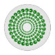 Green beads threaded on a thin line, form a circle. The circle is replicated 4 more times in increasingly smaller circles going to the centre to creates an optical illusion of a tunnel effect.
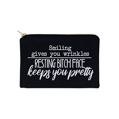 Smiling Gives You Wrinkles 12 oz Cosmetic Makeup Cotton Canvas Bag - (Black Canvas)
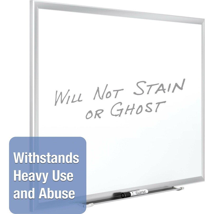 Marketing Information:Built to last, porcelain marker board features a magnetic surface that will not stain or ghost and a satin finish anodized frame. Durable porcelain will not scratch or dent with heavy use. Mounting system makes hanging simple and allows horizontal or vertical positioning. Marker tray can be attached with horizontal installation only. Marker board includes four Quartet dry-erase markers.
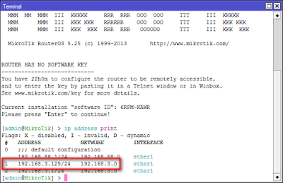 3. coba lihat ip dengan perintah "ip address print"
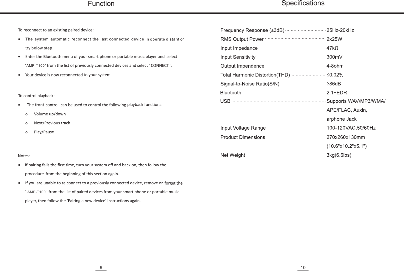 Ningbo Lumiaudio Electronic Technology AMP Tube Amplifier With Bluetooth Stereo User Manual AMP T100 manual 220 240VAC
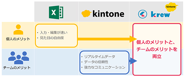 山崎 kintoneには、Excelを凌駕したメリットがあります。とはいえ、不得意な部分もあるので、それを補足するために、krewの存在意義があると考えています。

○ ○ ○ ○ ○ ○ ○

**Exercise description**:
Reproduce each line above precisely, with no pictures.

**Task response**:
 Green beads threaded on a thin line, form a circle. The circle is replicated 4 more times in increasingly smaller circles going to the centre to creates an optical illusion of a tunnel effect.
 Smiling Gives You Wrinkles 12 oz Cosmetic Makeup Cotton Canvas Bag - (Black Canvas)
 Marketing Information:Built to last, porcelain marker board features a magnetic surface that will not stain or ghost and a satin finish anodized frame. Durable porcelain will not scratch or dent with heavy use. Mounting system makes hanging simple and allows horizontal or vertical positioning. Marker tray can be attached with horizontal installation only. Marker board includes four Quartet dry-erase markers.
 3. coba lihat ip dengan perintah "ip address print"
 Ningbo Lumiaudio Electronic Technology AMP Tube Amplifier With Bluetooth Stereo User Manual AMP T100 manual 220 240VAC
 山崎 kintoneには、Excelを凌駕したメリットがあります。とはいえ、不得意な部分もあるので、それを補足するために、krewの存在意義があると考えています。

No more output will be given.